Frontiers in Non-invasive Cardiac Mapping: Rotors in Atrial Fibrillation-Body Surface Frequency-Phase Mapping

Abstract

[EN] Experimental and clinical data demonstrate that atrial fibrillation (AF) maintenance in animals and groups of patients depends on localized reentrant sources localized primarily to the pulmonary veins (PVs) and the left atrium(LA) posterior wall in paroxysmal AF but elsewhere, including the right atrium (RA), in persistent AF. Moreover, AF can be eliminated by directly ablating AFdriving sources or “rotors,” that exhibit high-frequency, periodic activity. The RADAR-AF randomized trial demonstrated that an ablation procedure based on a more target-specific strategy aimed at eliminating high frequency sites responsible for AF maintenance is as efficacious as and safer than empirically isolating all the PVs. In contrast to the standard ECG, global atrial noninvasive frequency analysis allows non-invasive identification of high-frequency sources before the arrival at the electrophysiology laboratory for ablation. Body surface potential map (BSPM) replicates the endocardial distribution of DFs with localization of the highest DF (HDF) and can identify small areas containing the high-frequency sources.
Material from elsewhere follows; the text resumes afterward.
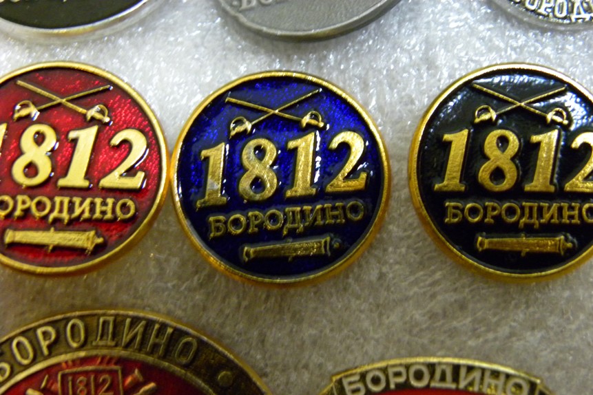 1. Знак, выдававшийся делегатам Съезда потомков российских героев Отечественной войны 1812 года, проходившем 4 июня 2012 г. в конференц-зале гостиницы "Бородино" в Москве. Несмотря на то, что само Общество потомков участников войны 1812 года существует в нашей стране уже полвека, такое мероприятие проводится впервые. В нем состоят как потомки генералов и офицеров, так и простых солдат (последних меньше, т.к. сложно документально проследить и доказать участие простого солдата в этой войне).

Overall, BSPM had a sensitivity of 75% and specificity of 100% for capturing intracardiac EGMs as having LARA DF gradient. However, raw BSPM data analysis of AF patterns of activity showed incomplete and instable reentrant patterns of activation. Thus, we developed an analysis approach whereby a narrow band-pass filtering allowed selecting the electrical activity projected on the torso at the HDF, which stabilized the projection of rotors that potentially drive AF on the surface. Consequently, driving reentrant patterns (“rotors”) with spatiotemporal stability during >70% of the AF time could be observed noninvasibly after HDFfiltering. Moreover, computer simulations found that the combination of BSPM phase mapping with DF analysis enabled the discrimination of true rotational patterns even during the most complex AF. Altogether, these studies show that the combination of DF analysis with phase maps of HDF-filtered surface ECG recordings allows noninvasive localization of atrial reentries during AF and further a physiologically-based rationale for personalized diagnosis and treatment of patients with AF.